What you need to do – Restate the listing below word for word; no pictures belong in the copy.

Recorded data –
<<<<

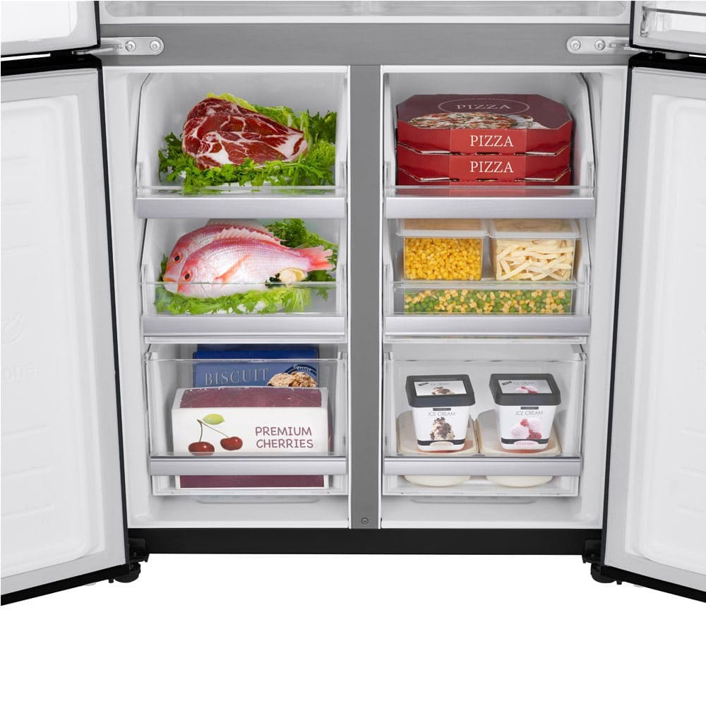 Una de las características más destacadas de la LM57SDT es su innovador sistema HygieneFresh+™, que incorpora un filtro higiénico que ayuda a eliminar hasta el 99,9% de las bacterias en el interior, garantizando que tus alimentos se mantengan frescos y seguros. La exclusiva tecnología Door-in-Door™, también conocida como «puerta mágica», permite un acceso rápido a tus productos más utilizados, reduciendo la pérdida de aire frío hasta en un 46,5%, lo que se traduce en un ahorro energético significativo.
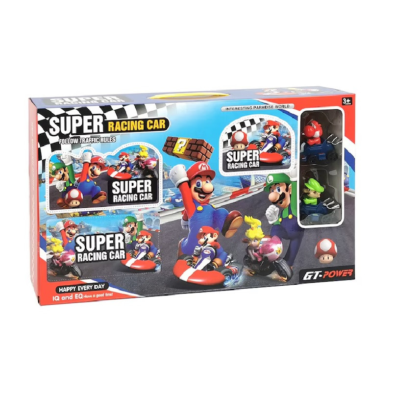 Детски комплект Паркинг - Писта с пързалка Super Mario, с 2 колички и мини-фогурки
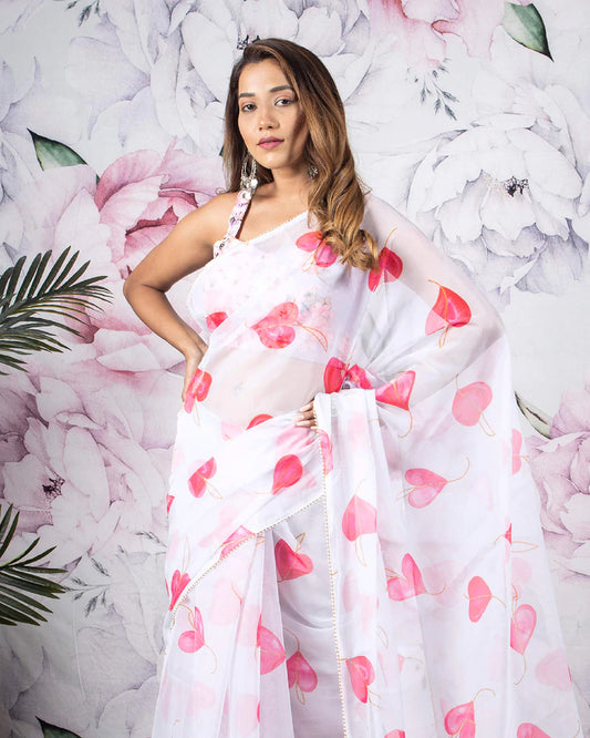-25% offWhite And Taffy Pink Floral Pattern Organza Satin Saree With Satin Border White And Taffy Pink Floral Pattern Organza Satin Saree With Satin Border
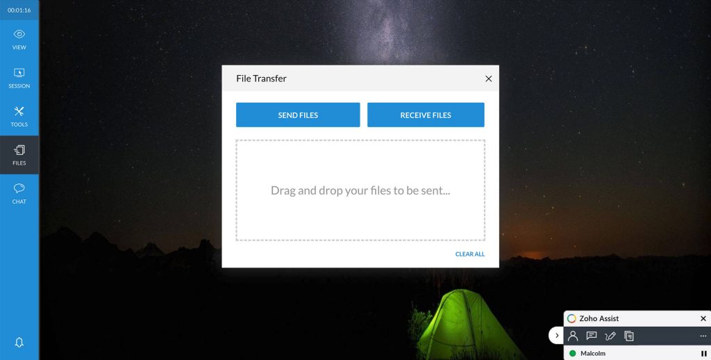 A transferência de arquivos durante uma sessão ao vivo ajudará você a enviar atualizações, patches ou qualquer tipo de arquivo para o computador remoto. A transferência é completamente segura com a criptografia AES SSL de 256 bits.

>>>>

Response –
 Una de las características más destacadas de la LM57SDT es su innovador sistema HygieneFresh+™, que incorpora un filtro higiénico que ayuda a eliminar hasta el 99,9% de las bacterias en el interior, garantizando que tus alimentos se mantengan frescos y seguros. La exclusiva tecnología Door-in-Door™, también conocida como «puerta mágica», permite un acceso rápido a tus productos más utilizados, reduciendo la pérdida de aire frío hasta en un 46,5%, lo que se traduce en un ahorro energético significativo.
 Детски комплект Паркинг - Писта с пързалка Super Mario, с 2 колички и мини-фогурки
-25% offWhite And Taffy Pink Floral Pattern Organza Satin Saree With Satin Border White And Taffy Pink Floral Pattern Organza Satin Saree With Satin Border
 A transferência de arquivos durante uma sessão ao vivo ajudará você a enviar atualizações, patches ou qualquer tipo de arquivo para o computador remoto. A transferência é completamente segura com a criptografia AES SSL de 256 bits.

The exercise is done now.